*RECORDS*.
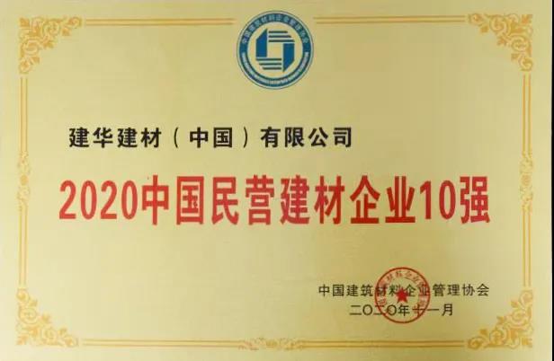 菠萝视频(huá)建材(中國)有(yǒu)限公司在“2020中國民營建材企業100強”中排名(míng)第三名;
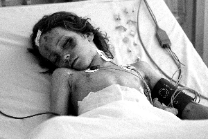 5月13日,利比亞,9歲的空難幸存者魯本躺在病床上。
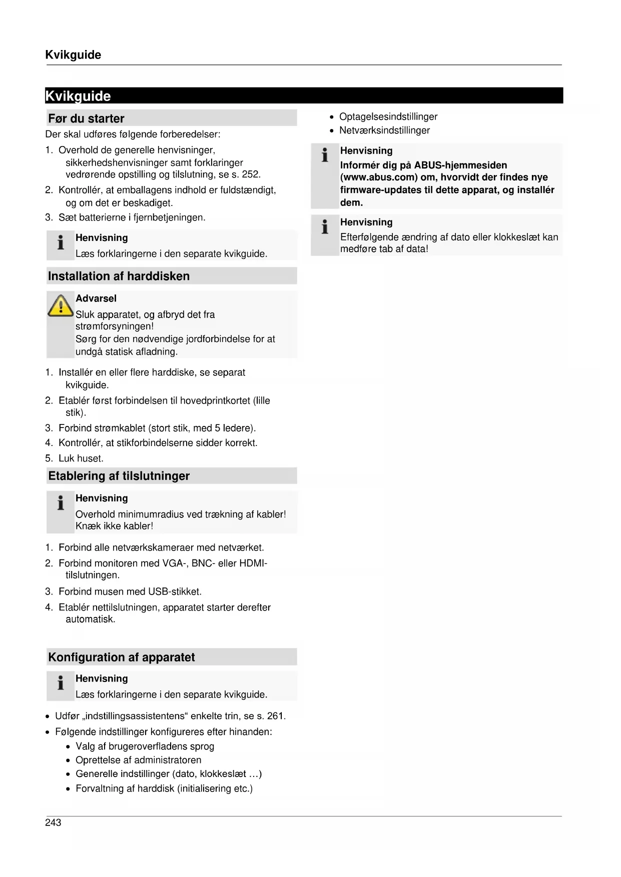 Ved en strømsvigt under driften af apparatet kan data på harddisken mistes. Anvend en nødstrømsforsyning! Harddisken er meget følsom. En ukorrekt betjening eller uegnede omgivelser kan beskadige harddisken efter en driftstid på et par år. Tegn herpå er uventede standsning af afspilningen og synlige mosaik-effekter på billedet. Evt. er der ingen varsler om en defekt ved harddisken. Ved en defekt er det ikke muligt at afspille optagelser. I dette tilfælde skal harddisken udskiftes.ABUS 4/8/16-kanal analog digitaloptager
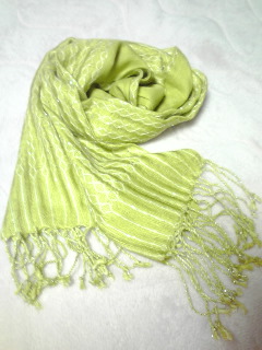 薄いきみどり色の春用ストール。 ラメ糸が織り込まれているのでキラキラしてとっても可愛いんです♪ フリンジ部分もキラキラ♪ ストールは、シンプルなコーディネートのポイントになるのでたくさん持っています! 春は主にパステルカラーを選びます。顔色がパッと明るくなるので是非巻いてみてください♪
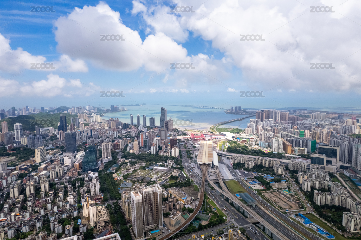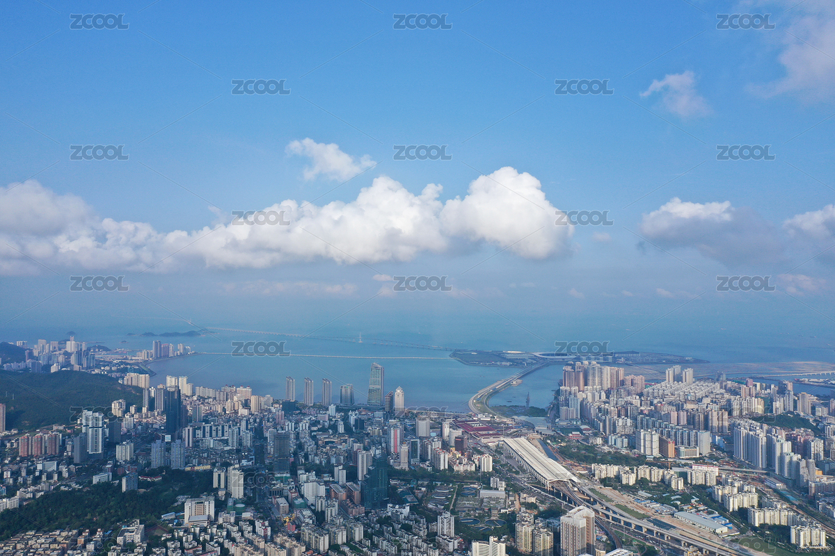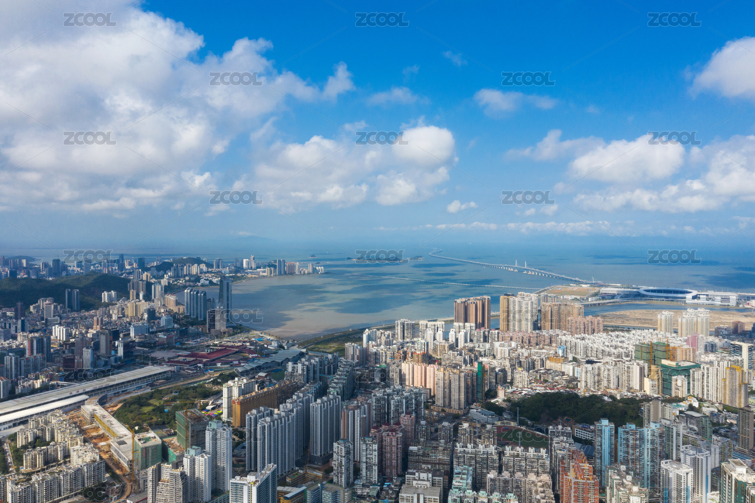 中国广东深圳南山区住宅楼盘和深圳湾大桥
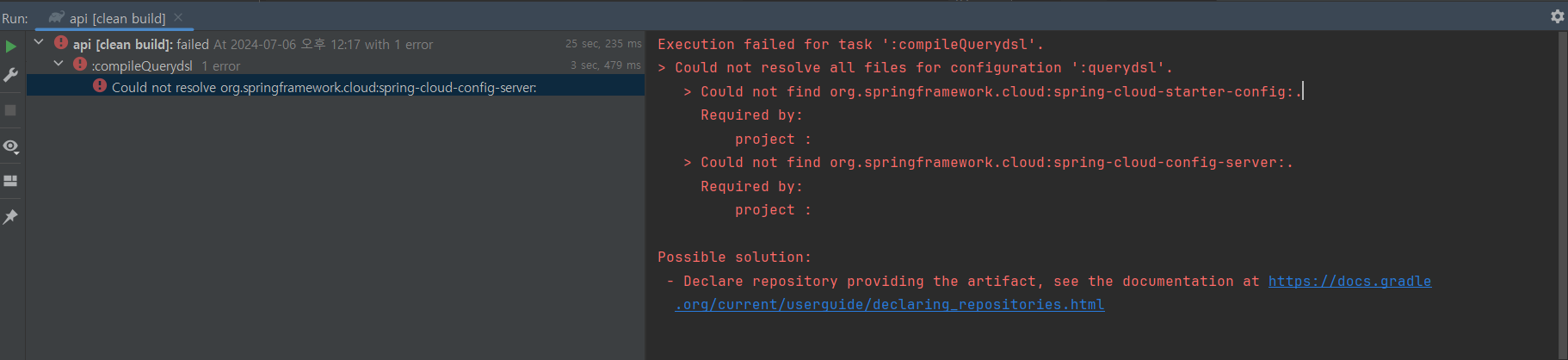 gradle build를 돌려보니 아래와 같이 에러가 났다.
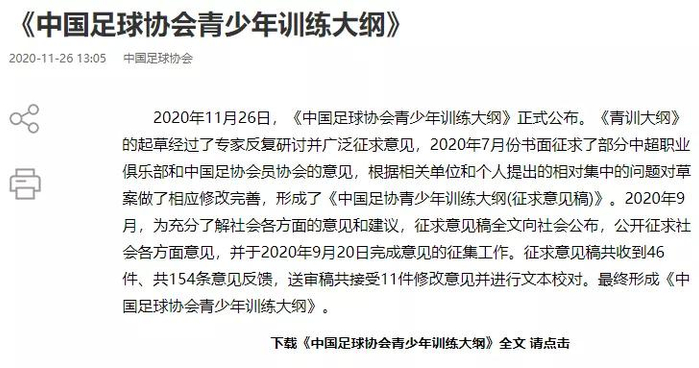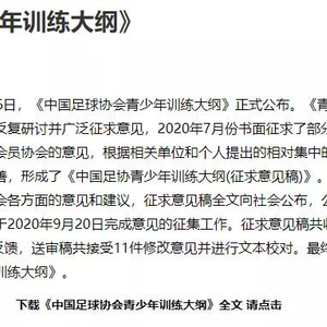 不久之前,《中国足球协会青少年训练大纲》(以下简称《青训大纲》)正式公布。长达121页的文件明确了中国足球的青训发展目标、球员发展理念、比赛理念、训练理念、执教理念以及1v1和无球战术能力是球员发展的基础等。
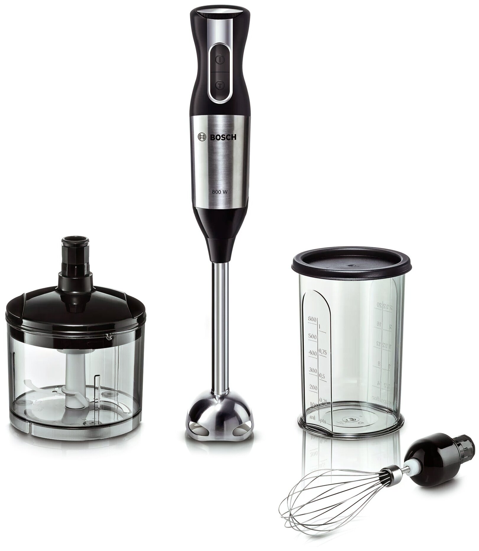 "Quattro Blade" технология: инновационный нож с 4 острыми лезвиями; низкий уровень шума и вибрации при работе мотора; удобная эргономичная ручка с мягким покрытием Soft-touch и большими кнопками; кнопка для отсоединения ножки блендера; аксессуары можно мыть в посудомоечной машине; измельчитель с острым ножом из закаленной нержавеющей стали; с крышкой для хранения продуктов в холодильнике; венчик из нержавеющей стали
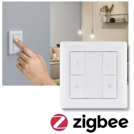 Le commutateur mural Smart Home ZigBee permet une commutation directe et intuitive des produits ZigBee sans smartphone ni passerelle. L’interrupteur mural permet d’allumer et d’éteindre les luminaires intelligents de manière classique, ainsi que de les allumer.Le commutateur Smart Paulmann ZigBee peut être utilisé avec Amazon ECHO, qui dispose d’une interface ZigBee.Pour cela, le commutateur mural est d’abord relié à un Amazon ECHO. Raccordez ensuite l’interrupteur mural aux appareils à commander via ZigBee Touchlink.Les luminaires reliés au commutateur mural et à Amazon ECHO peuvent être commandés en parallèle via Paulmann ZigBee Smart Switch, Amazon Alexa APP et Amazon Alexa.L’interrupteur mural permet d’allumer, d’éteindre et de varier l’intensité. Ce texte a été traduit par une machine.
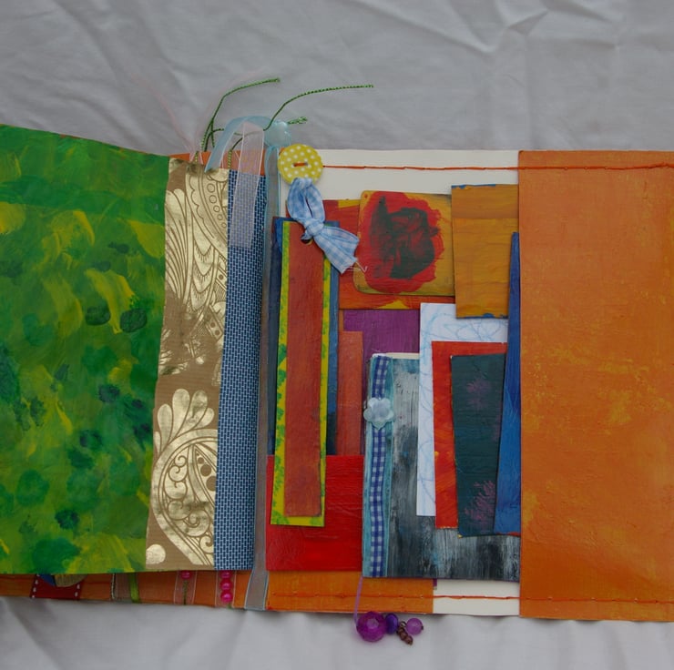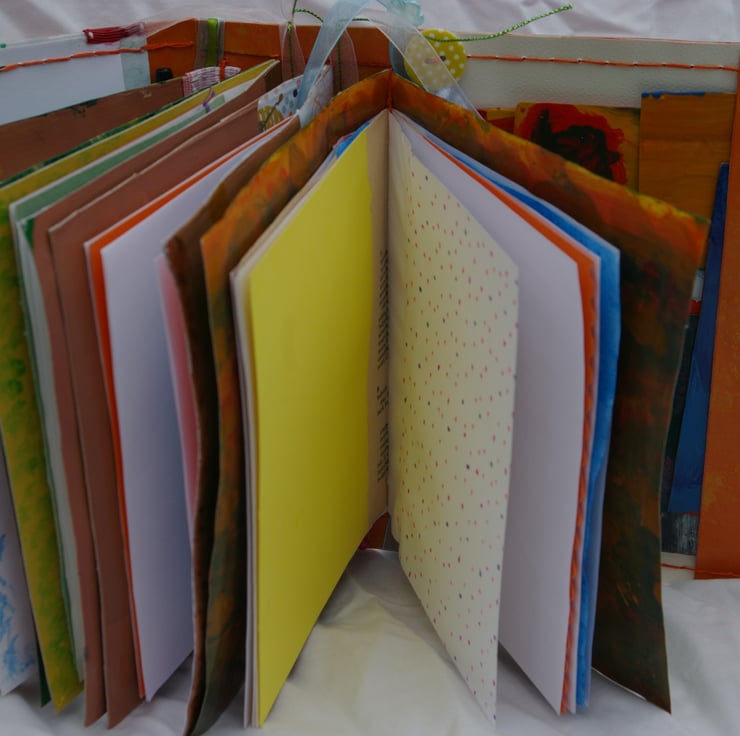 The book contains four separate signatures which each contain a mix of pages for writing poems, notes, saying, adding embellishments, drawings, paintings or for sticking in keepsakes. There are plain white sheets of paper, coloured card and paper, reclaimed paper, pattern and painted pages.

*TASK PROMPT*.
For this exercise, please set down exactly the lines of the listing above from the line with "中国广东深圳南山区住宅楼盘和深圳湾大桥" up to and including the line with "不久之前,《中国足球协会青少", and no pictures.

*REPLY TO THE TASK*.
 中国广东深圳南山区住宅楼盘和深圳湾大桥
 gradle build를 돌려보니 아래와 같이 에러가 났다.
 不久之前,《中国足球协会青少年训练大纲》(以下简称《青训大纲》)正式公布。长达121页的文件明确了中国足球的青训发展目标、球员发展理念、比赛理念、训练理念、执教理念以及1v1和无球战术能力是球员发展的基础等。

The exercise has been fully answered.